Я согласна с тем, что этика меняется постоянно. Но когда есть некая конвенция, доминирующая и устоявшаяся норма, которой следует большинство, при ее пересмотре можно говорить о появлении чего-то нового. Это не значит, что раньше не было тех людей, которые думали по-другому, или что не было сопротивления, но существовало некое принятие способа взаимодействия. В основном это, разумеется, касалось общения между мужчинами и женщинами: действовала позднесоветская практика коммуникации, связанная с особыми режимами понимания приватного и публичного, гендерной иерархии, сексуальности и индивидуальной автономии. Грубо говоря, хлопки по попе, хватания за коленку или объятия на вечеринке, о которых никто не просил, являлись нормами выражения внимания, проявления власти и производства маскулинности и феминности. Конечно, всегда были те, кому это не нравилось, но в целом это разделялось как норма.

Думаю, то, что происходит сейчас, – это следствие многих процессов. Во-первых, это результат, как писали Энтони Гидденс и Зигмунт Бауман, становления рефлексивного общества и индивидуализации. Во-вторых, это результат появления психотерапевтической культуры, которая связана с попыткой контроля по крайней мере себя и своих границ, осознанием внутренней отличности. В-третьих, это результат эмансипации и феминистского движения, то есть субъективации женщин, пересмотра их позиции в коммуникации и места в обществе.

Почему этика «новая»? Потому, что она связана с новым поколением, поколением 20—30-летних. Это не означает, что в этом процессе нет 40—50-летних: как мы помним, например, в движении #MeToo участвовали люди совершенно разных возрастов. Но это проблематика, которую в первую очередь ставит молодежь.

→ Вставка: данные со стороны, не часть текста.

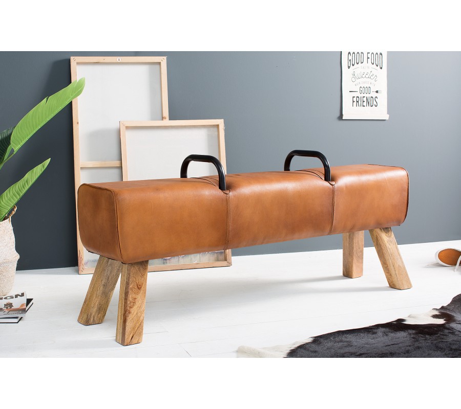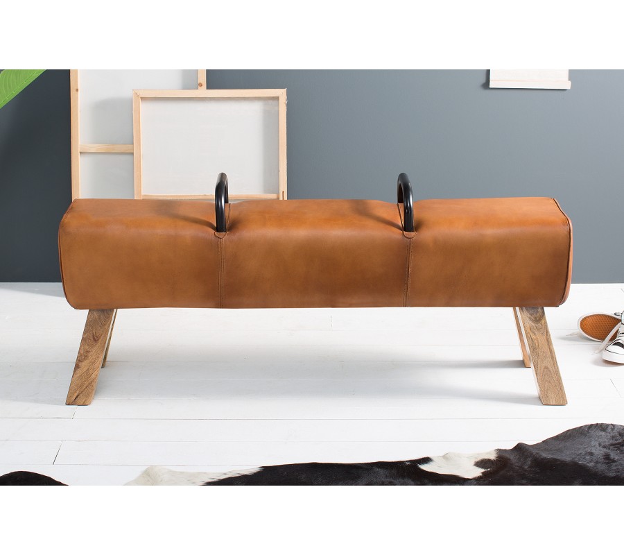 Dizajnová luxusná lavica Bock Kult z pravej kože 134cm
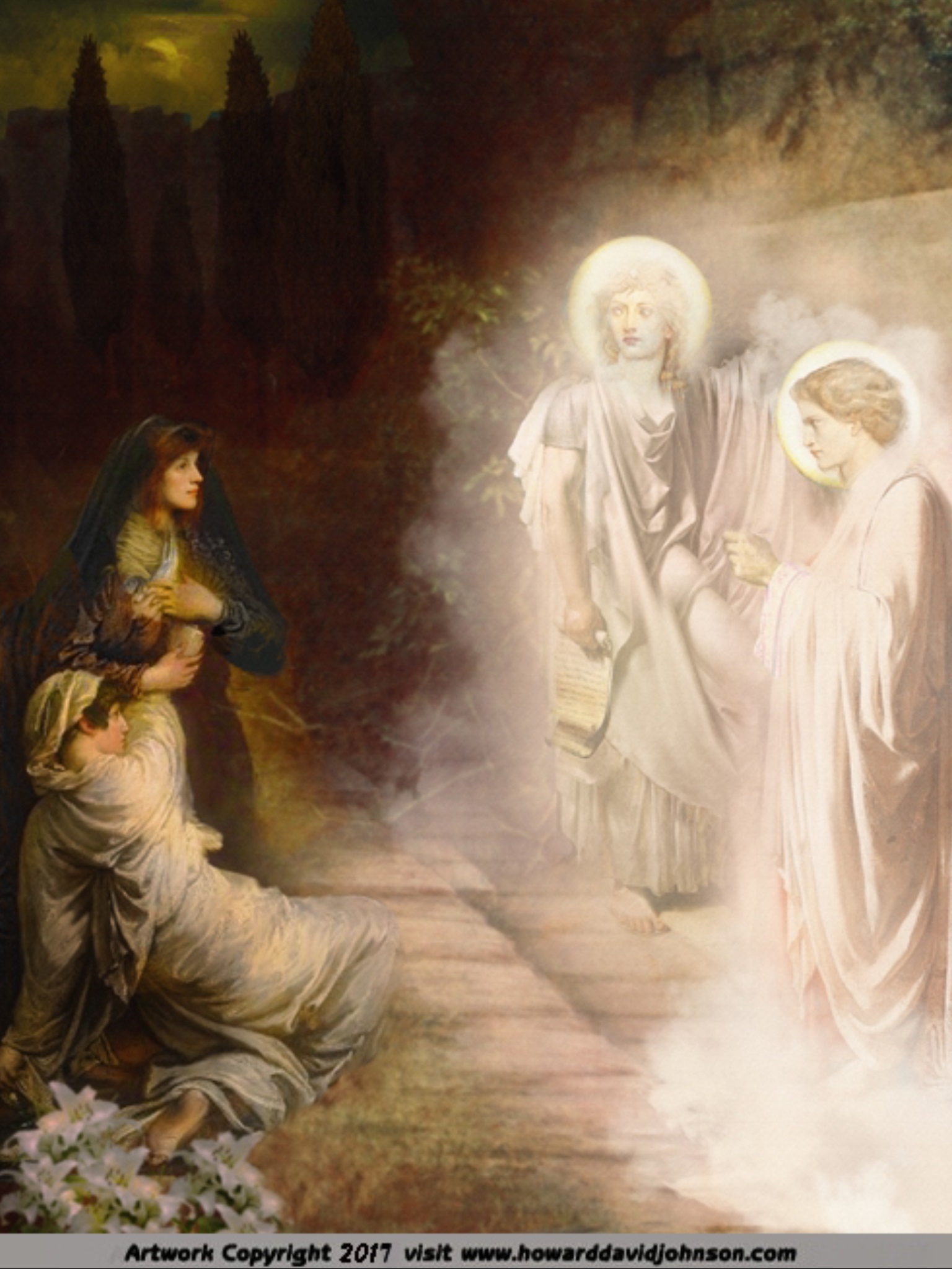 马利亚站在坟墓外面哭的时候,又低头往坟墓里看,期望耶稣的身体能够重新出现在那里。然而她却看见两个身穿白衣的天使。通常情况下,人看见天使会惊慌惧怕,但马利亚心中充满极度的忧伤,她甚至看见天使也顾不上害怕和惊慌。
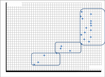 В рамках кластерного анализа для репрезентативной выборки будет выделяться четыре типа кластеров, один из которых будет показывать отклонения от кривой, которые удовлетворяют условиям исследования, поэтому его можно не учитывать при рассмотрении: кластер первого типа - компании Мега магнит, Бизнеском, Офис-персонал; кластер второго типа - Евросервис, ДЕНТ КА, Тереховский ЗБИ, КОНСАЛТ; кластер третьего типа - МПЗ Сетунь, Декорт, Лукойл, Ноутбук Сити, Новатэк, РЦ ДИС, Пасмос, МК Сочинский, Трансюг-магистраль, СИМПЭКС, Unicotrade LLC, ФЛ Луховицкий, Брянскрегионопт, Автоимпекс, Дальгидроспецстрой. Изобразим графически:
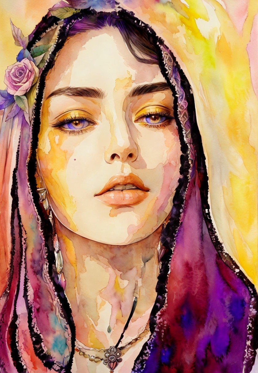 + Prompt:Mystical handsome priestess, watercolor and ink masterpiece, captivating upper body portrait with a shifted stacked-up perspective, detailed colored ink drawing, digital artwork featuring withered pale colors, intricately detailed in American Gothic style, enhanced by dimmed dynamic lighting and wavery textures and hues . The piece incorporates a traumacore theme with a triadic color scheme of yellow, ochre, and beige in an 8:11 ratio, creating a mesmerizing inkpunk ambiance. The background is a dark ochre with vivid illumination, surrounded by intricate details reminiscent of 1970s advertising art, all envisioned by Overton Loyd, showcasing watercolor details and a dynamic, moving pose. The style exudes a dreamy atmosphere with cinematic wash, grain, and luminous plasticity, enhanced by 3D effects and delicate coloring. octane render, anisotropic filtering, shadow mapping in 1.3 ratio, and volumetric lighting. The overall aesthetic is reminiscent of daguerreotype photography on old paper, blending elements of cinewash, traumacore, and mystical symbolism. The 1970s advertising art influence is evident in the composition, featuring soft rounded edges and a quilling, folded paper style in a 1.6 ratio, high coloring, plasticity in 1.9 ratio, ambient occlusion, UHD, HDR, HQ,
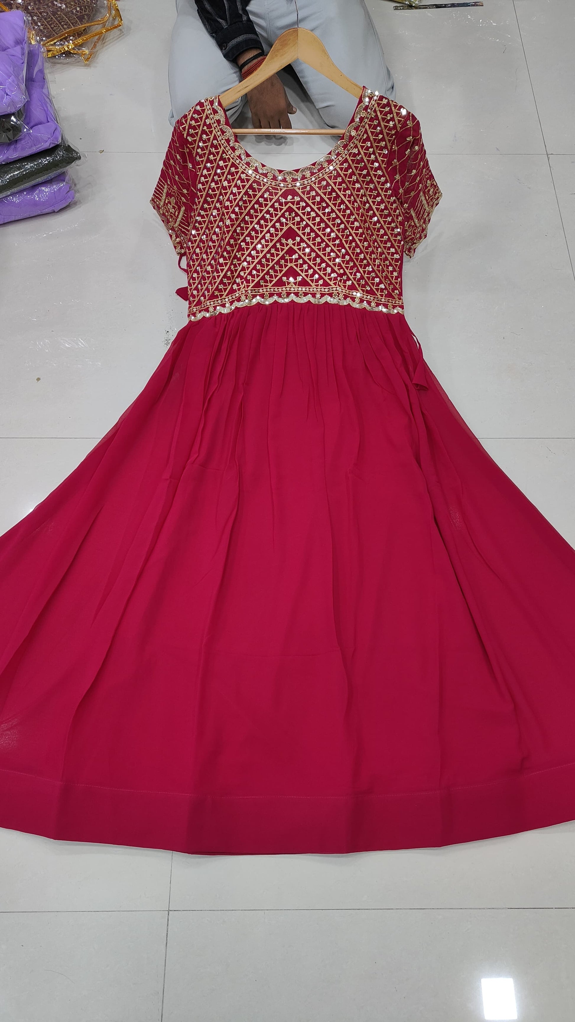 Gown Fabric & Work:- Faux Blooming With Embroidery Zari Sequins-Work

Интересно, что молодежь, как правило, проблематизирована: она не такая, она не вписывается в какие-то нормы, она все нарушает. Вдруг оказывается, что сейчас ее нельзя назвать «плохой», потому что молодые люди, в отличие от предыдущего поколения, к примеру, меньше потребляют алкоголь, статистически дольше учатся, отлично ладят с гаджетами (последнее во время пандемии оказалось очень полезным навыком). Молодежь не «плохая», но она другая.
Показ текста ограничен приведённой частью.